Mientras estuve sola en Londres, en la inmensa casa de Belgravia, durante las ausencias interminables de Chris, acariciaba la idea de viajar con él, los dos, durante meses enteros. Aquellas escapadas mentales me mantenían distraída, y actuaban de sedante.

Yo siempre había sido reacia a moverme. Incluso en los años en los que me dediqué a cantar me enfrentaba a los viajes con más sumisión que otra cosa: era una orden más, ineludible, que había que acatar. Me sentía un bote, una barca que hiciera agua y soportara una expedición, otra, otra, hasta que el casco reventara definitivamente y me quedara varada en la orilla.

Sin embargo, cuando dejé de viajar, en los años de universidad y luego, más tarde, cuando me veía obligada a permanecer en Inglaterra, soñaba con largos trayectos en tren, con escapadas al extranjero.

No me cegaba el espejismo de lo exótico: deseaba conocer los mismos lugares en los que estuve de un modo que no tuve ocasión de experimentar.

Vivo lo mismo ahora que me ancla el colegio, que no me queda más remedio que pasar aquí día tras día, presa. Intento recordar hasta qué punto me hastiaron los viajes, el incesante vaivén, pendiente de las maletas, del humor de Chris, de que supiéramos hacernos entender o no confundiéramos los horarios, pero no me es de gran ayuda.

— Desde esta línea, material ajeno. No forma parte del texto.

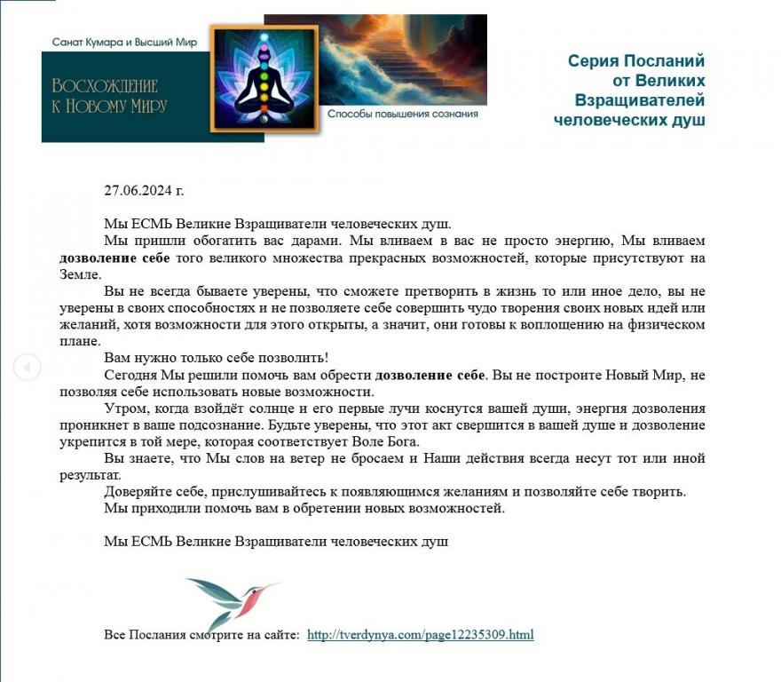 Послание приняла Стелла Риф 27 июня 2024 года:

Creo que mi obligación ahora es marchar mucho más lejos: a África, o a Asia, o a aquel Estambul de pañuelos ondulantes que vio crecer a Chris. No importa el lugar… y sin embargo, siento tal resistencia a moverme, a abandonar este colegio, estos niños, tantos anhelos de inmovilidad…

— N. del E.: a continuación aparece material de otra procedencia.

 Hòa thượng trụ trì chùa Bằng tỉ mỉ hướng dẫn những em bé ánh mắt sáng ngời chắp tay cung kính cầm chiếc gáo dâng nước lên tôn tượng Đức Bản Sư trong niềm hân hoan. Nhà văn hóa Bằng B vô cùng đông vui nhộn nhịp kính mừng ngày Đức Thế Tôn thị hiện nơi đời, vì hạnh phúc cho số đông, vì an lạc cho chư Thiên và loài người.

Al poco tiempo dejé de planear viajes. No tenía objeto soñar con lugares en los que ya había estado Chris, que podía describirme y en los que podía orientarse. Y él había visitado ya todos los rincones del mundo. Poco a poco, todas las ciudades se convirtieron en la misma, grandes ciudades americanas apiñadas en torno a los centros comerciales y un río mortecino, ciudades europeas con iglesias de cúpulas antiquísimas y cementerios llorando los muertos de la guerra, y hoteles, docenas de hoteles, alfombras azules, rojas o verdes, baños blancos, sábanas blancas, amables sonrisas obsequiosas, desayunos de seis a diez, lavandería en el día con tan sólo dejar en la manilla la bolsa colocada a tal objeto en el armario, maletas, ceros marcados antes de cualquier número de teléfono… Viajábamos, pero no nos movíamos. Tal vez el viaje hubiera sido posible diez, veinte años antes.

Ahora el mundo era un mismo lugar.

Cuando me asaltaba la nostalgia del color y la luz de otros cielos, me asomaba a la ventana y volaba.

El deseo se había cumplido; me había convertido en una barca con el fondo roto. En pago a mis plegarias me habían concedido la inmovilidad.